• _DATA PROVIDED_
Start of Block

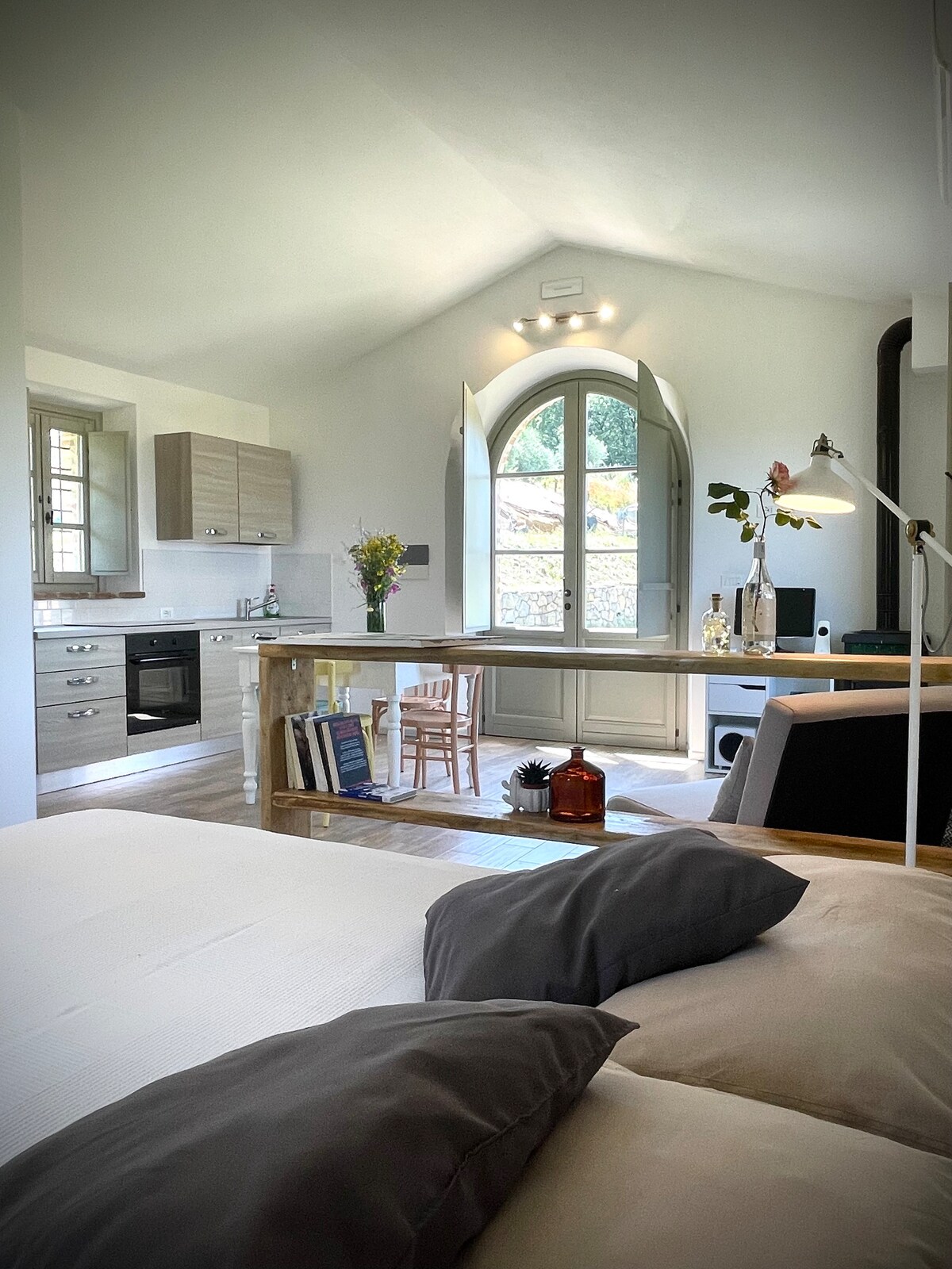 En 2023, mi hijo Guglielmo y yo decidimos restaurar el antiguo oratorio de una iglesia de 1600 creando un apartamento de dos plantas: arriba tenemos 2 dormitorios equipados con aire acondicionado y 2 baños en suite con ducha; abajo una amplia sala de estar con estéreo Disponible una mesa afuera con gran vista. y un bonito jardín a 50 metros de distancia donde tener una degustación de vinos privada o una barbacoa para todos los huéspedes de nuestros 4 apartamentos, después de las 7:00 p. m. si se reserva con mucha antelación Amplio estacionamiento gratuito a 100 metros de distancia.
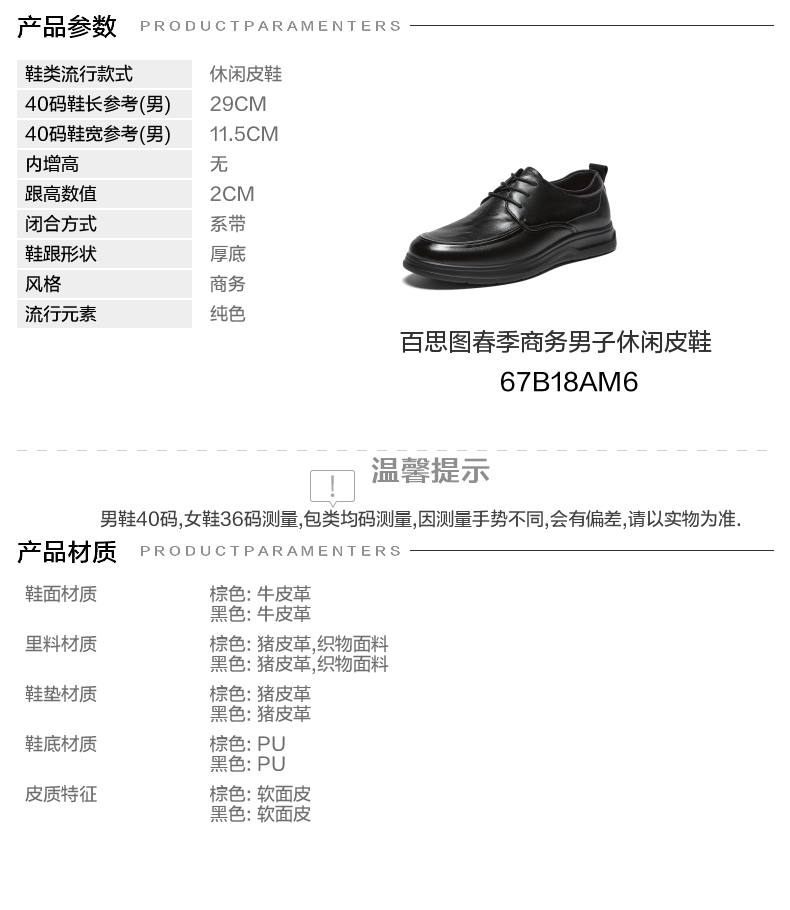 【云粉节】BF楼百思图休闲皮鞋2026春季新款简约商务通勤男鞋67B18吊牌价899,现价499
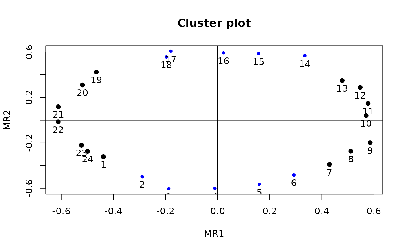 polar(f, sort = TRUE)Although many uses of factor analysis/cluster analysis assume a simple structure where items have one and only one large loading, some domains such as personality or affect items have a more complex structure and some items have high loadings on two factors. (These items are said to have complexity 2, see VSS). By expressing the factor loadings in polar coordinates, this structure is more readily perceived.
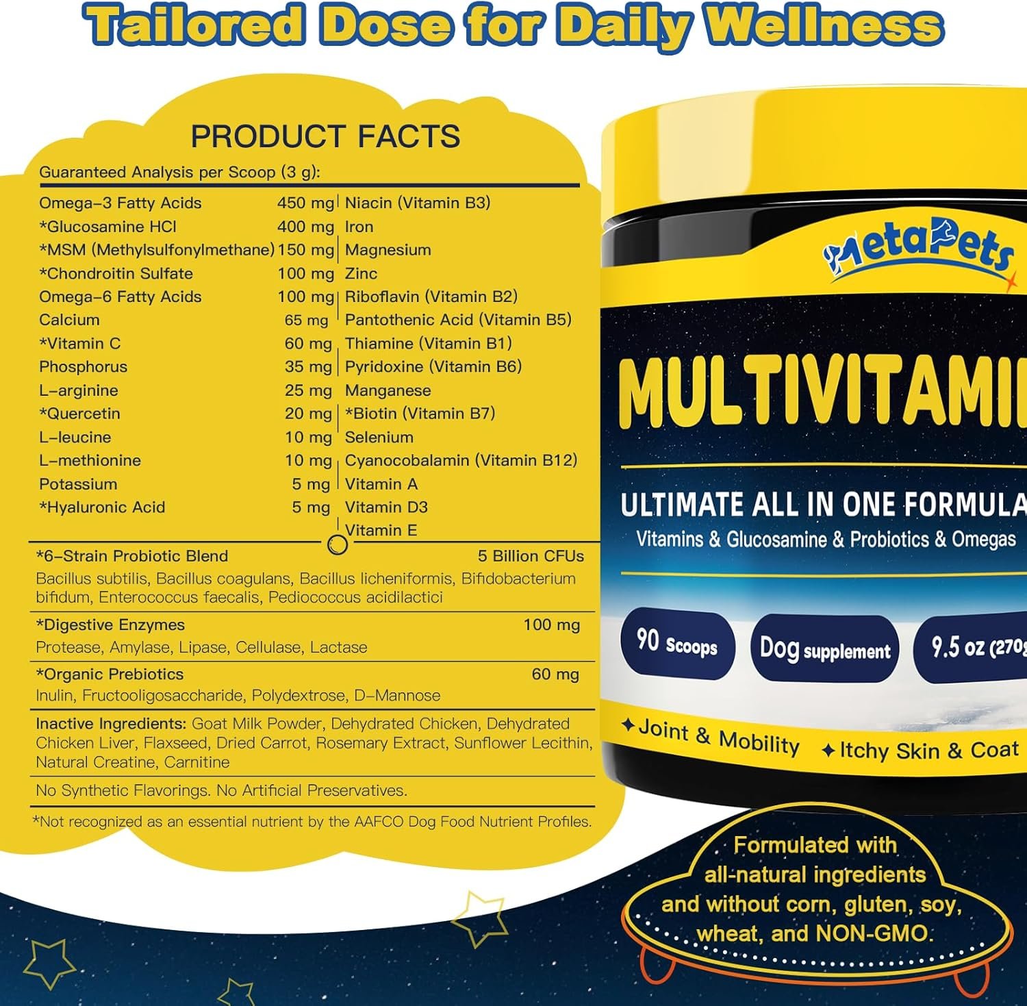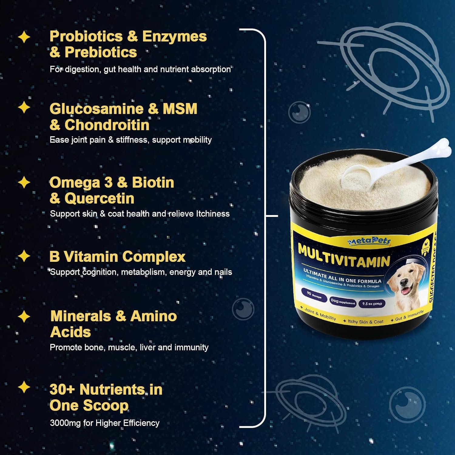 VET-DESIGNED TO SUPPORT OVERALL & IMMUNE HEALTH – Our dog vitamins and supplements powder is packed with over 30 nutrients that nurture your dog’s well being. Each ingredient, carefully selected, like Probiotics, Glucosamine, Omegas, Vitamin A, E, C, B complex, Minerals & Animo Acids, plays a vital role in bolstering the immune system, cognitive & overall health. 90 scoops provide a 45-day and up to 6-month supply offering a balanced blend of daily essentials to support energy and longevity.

End of Block

• _YOUR OBJECTIVE_
Starting with the first line of the data, transcribe every line exactly through the one containing "polar(f, sort = TRUE)Although". No pictures go in.

• _COMPLETED EXERCISE_
 En 2023, mi hijo Guglielmo y yo decidimos restaurar el antiguo oratorio de una iglesia de 1600 creando un apartamento de dos plantas: arriba tenemos 2 dormitorios equipados con aire acondicionado y 2 baños en suite con ducha; abajo una amplia sala de estar con estéreo Disponible una mesa afuera con gran vista. y un bonito jardín a 50 metros de distancia donde tener una degustación de vinos privada o una barbacoa para todos los huéspedes de nuestros 4 apartamentos, después de las 7:00 p. m. si se reserva con mucha antelación Amplio estacionamiento gratuito a 100 metros de distancia.
 【云粉节】BF楼百思图休闲皮鞋2026春季新款简约商务通勤男鞋67B18吊牌价899,现价499
 polar(f, sort = TRUE)Although many uses of factor analysis/cluster analysis assume a simple structure where items have one and only one large loading, some domains such as personality or affect items have a more complex structure and some items have high loadings on two factors. (These items are said to have complexity 2, see VSS). By expressing the factor loadings in polar coordinates, this structure is more readily perceived.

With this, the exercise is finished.